Pusha-T’s Daytona is… unimpeachably excellent. At 21 minutes it’s a demonstration of what these mini-albums can be when everything falls into place. There had to be an exception to prove the rule, right?
At roughly 20 minutes apiece, the entire Wyoming sessions come to around a hundred minutes. From the moment of their release, there were whispers that these were always intended to be one long record. This is despite clear evidence that they were never intended to be anything at all, the rap equivalent of a series of extremely high-budget jam sessions at the whim of an erratic, bottomlessly wealthy eccentric. The total lack of cohesion is apparent from the opening of Ye to the finale of K.T.S.E.: these are a series of vanity projects, produced at maximum speed in the middle of nowhere. Specifically, the poorest middle-of-nowhere in America. The irony didn’t escape anyone except Kanye himself.
But it got me thinking.
While the albums themselves are all over the place, there are points of cohesion between them. Ye and Kids See Ghosts slot easily into one another, Daytona features 070 Shake (who is incredible on “Ghost Town”), Nasir has an ease to it that resembles early Kanye, K.T.S.E. and Daytona are natural opposites, but with complementary production styles. There are scattered points of brilliance in each of these albums. Taken together, the Wyoming sessions are an enduringly fascinating, deeply flawed series of releases. There’s something larger in there, and I think we can excavate it out. So why not mix them all together and see what happens?
So that’s what I did. I think it’s really interesting.
Complicated Feelings about Kanye Disclaimer:
When I was discussing the idea behind this little project, a friend of mine reminded me of something important: Kanye’s character isn’t something the listener can edit out. There’s no changing this guy, no charitable interpretation of what he does that doesn’t make him look like a tool, no way of looking at the absolutely ridiculous bullshit he says about Trump and slavery and his own family that doesn’t scan as offensive.
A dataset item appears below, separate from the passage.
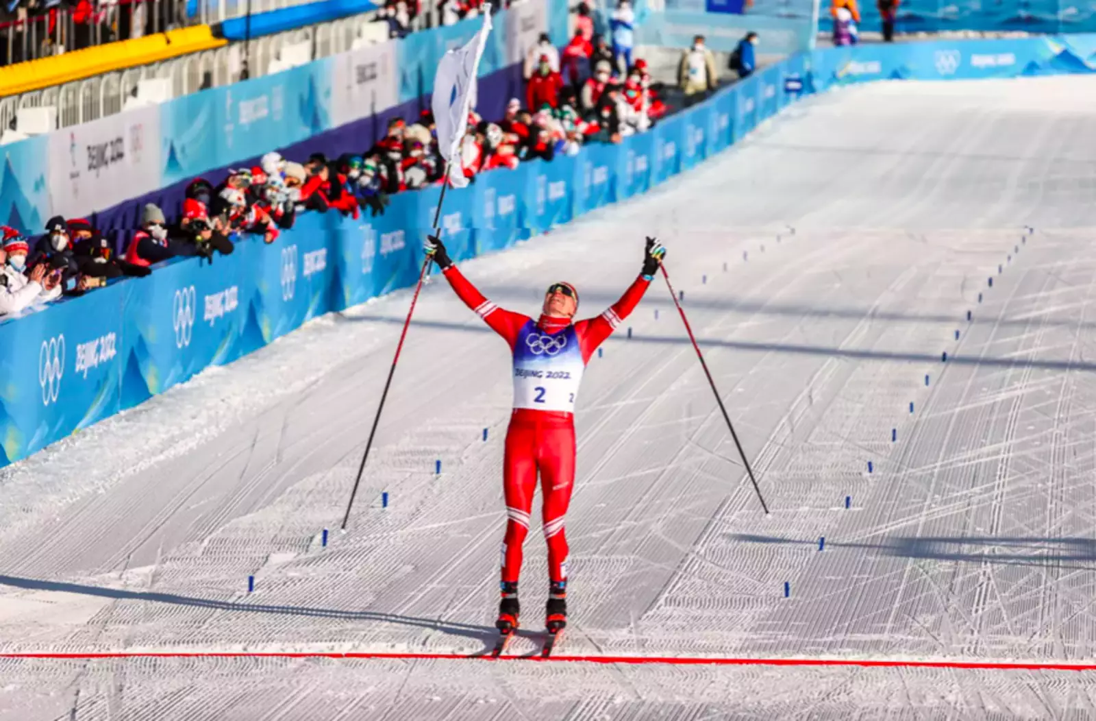 Первое олимпийское золото на зимних Играх в Пекине принес России лыжник Александр Большунов. Он стал победителем в скиатлоне, преодолев 30-километровую дистанцию за 1 час 16 минут 9,8 секунды.

Kanye is Kanye. I say this as a fan: he needs an editor, desperately.
As a listener and a curator, I can’t edit out the offensive bullshit he says because that’s core to who he is. So it’s right up front in “No Mistakes” and “Yikes”, and then again later in “Violent Crimes”, among others. Kanye (and Nas) say some absolute hot garbage over the course of this playlist.
Please don’t this as an endorsement of his trash opinions on politics (“Yikes”), women (“Violent Crimes”), his wife (“Wouldn’t Leave”) or the many other topics that maybe he shouldn’t be commenting on. It’s dishonest to ignore that stuff because it’s central to his music and to the Wyoming Sessions, but I don’t love including it either. Watching Kanye closely is disagreeing with Kanye constantly: prepare to do so. And maybe google anything Nas has to say about vaccines. Have fun!
And please, vote for a candidate that’s qualified for the job this time.